- _Data for processing_
● ● ●
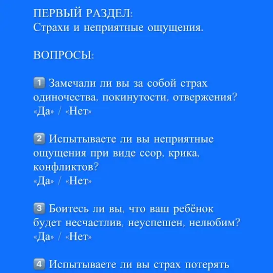 🟦 ТЕСТ для родителей «Детские травмы» ➡️ ПРОДОЛЖЕНИЕ ➡️ Листайте слайды и жмите на каждый (для полного открытия страницы). Начало в предыдущем сообщении ⬇️
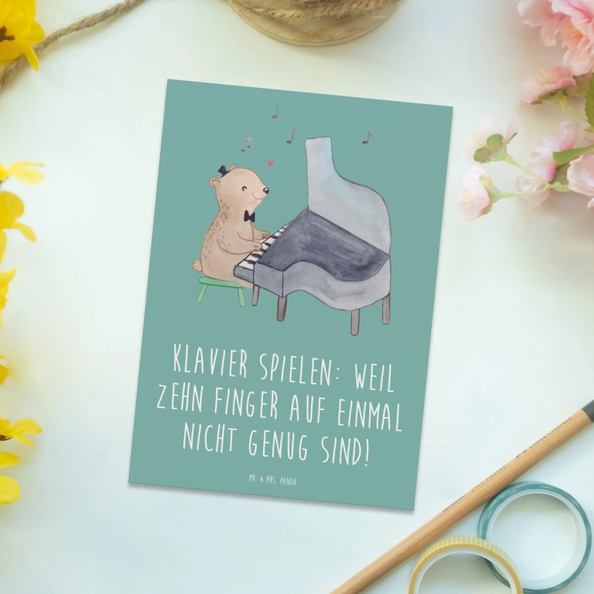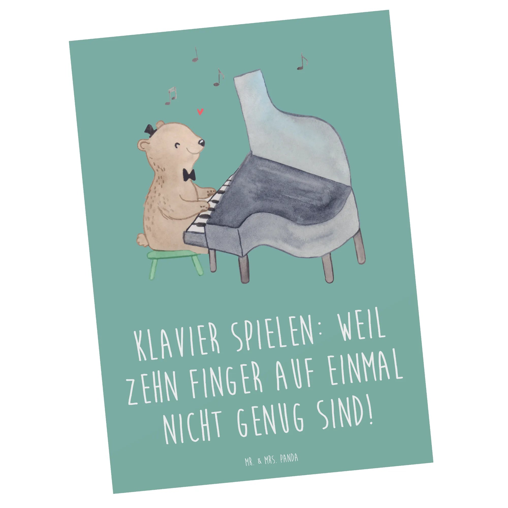 Hergestellt aus hochwertigem 300 Gramm Karton, bietet diese Karte nicht nur eine tolle Haptik, sondern besticht auch durch ihr elegantes und ansprechendes Design. Ob für eine Einladung zu einem Klavierabend oder als Dankeskarte für ein musikalisches Geschenk - diese Postkarte ist vielseitig einsetzbar! Sie gehört zur besonderen Kollektion Musizieren & Instrumente von Mr. & Mrs. Panda, die speziell für all die Musiker und Musikliebhaber entworfen wurde, die die Liebe zur Musik teilen.
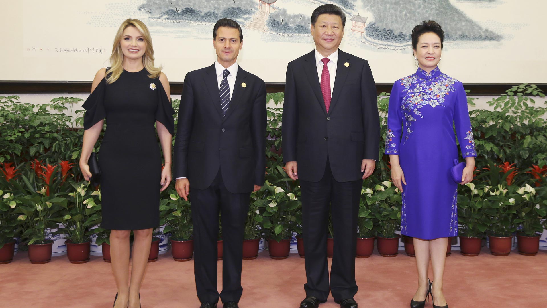 9月4日,国家主席习近平和夫人彭丽媛在杭州西子宾馆举行宴会,欢迎出席二十国集团领导人杭州峰会的外方代表团团长及所有嘉宾。这是习近平和彭丽媛迎候墨西哥总统培尼亚夫妇。新华社记者丁林摄
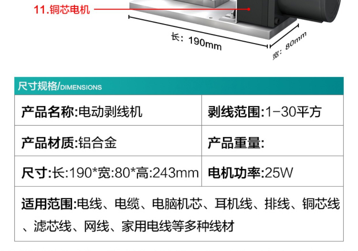 • [조절이 필요 없는 전기 모델] 자동 와이어 스트리핑 기계
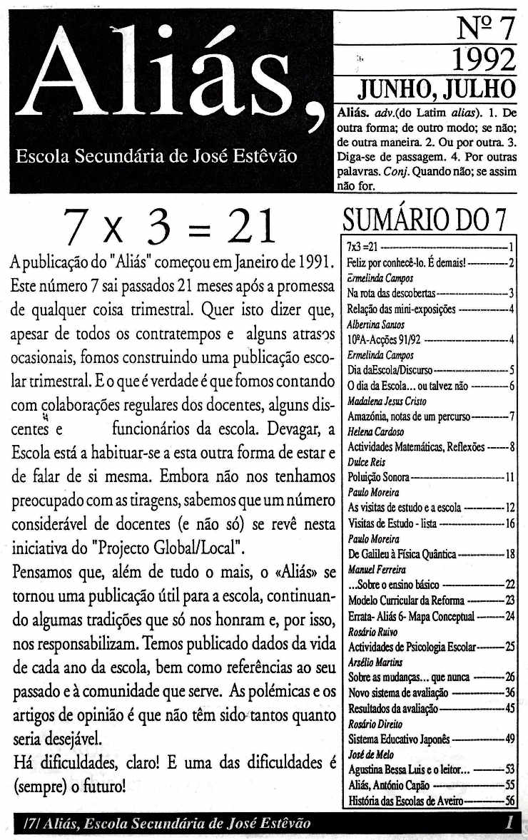 Escola Secundária José Estêvão, n.º 7, Jun.- Jul. de 1992
● ● ●
- _What you need to do_
Give back every record exactly, dropping its pictures.

- _Exercise answer_
 🟦 ТЕСТ для родителей «Детские травмы» ➡️ ПРОДОЛЖЕНИЕ ➡️ Листайте слайды и жмите на каждый (для полного открытия страницы). Начало в предыдущем сообщении ⬇️
 Hergestellt aus hochwertigem 300 Gramm Karton, bietet diese Karte nicht nur eine tolle Haptik, sondern besticht auch durch ihr elegantes und ansprechendes Design. Ob für eine Einladung zu einem Klavierabend oder als Dankeskarte für ein musikalisches Geschenk - diese Postkarte ist vielseitig einsetzbar! Sie gehört zur besonderen Kollektion Musizieren & Instrumente von Mr. & Mrs. Panda, die speziell für all die Musiker und Musikliebhaber entworfen wurde, die die Liebe zur Musik teilen.
 9月4日,国家主席习近平和夫人彭丽媛在杭州西子宾馆举行宴会,欢迎出席二十国集团领导人杭州峰会的外方代表团团长及所有嘉宾。这是习近平和彭丽媛迎候墨西哥总统培尼亚夫妇。新华社记者丁林摄
 • [조절이 필요 없는 전기 모델] 자동 와이어 스트리핑 기계
 Escola Secundária José Estêvão, n.º 7, Jun.- Jul. de 1992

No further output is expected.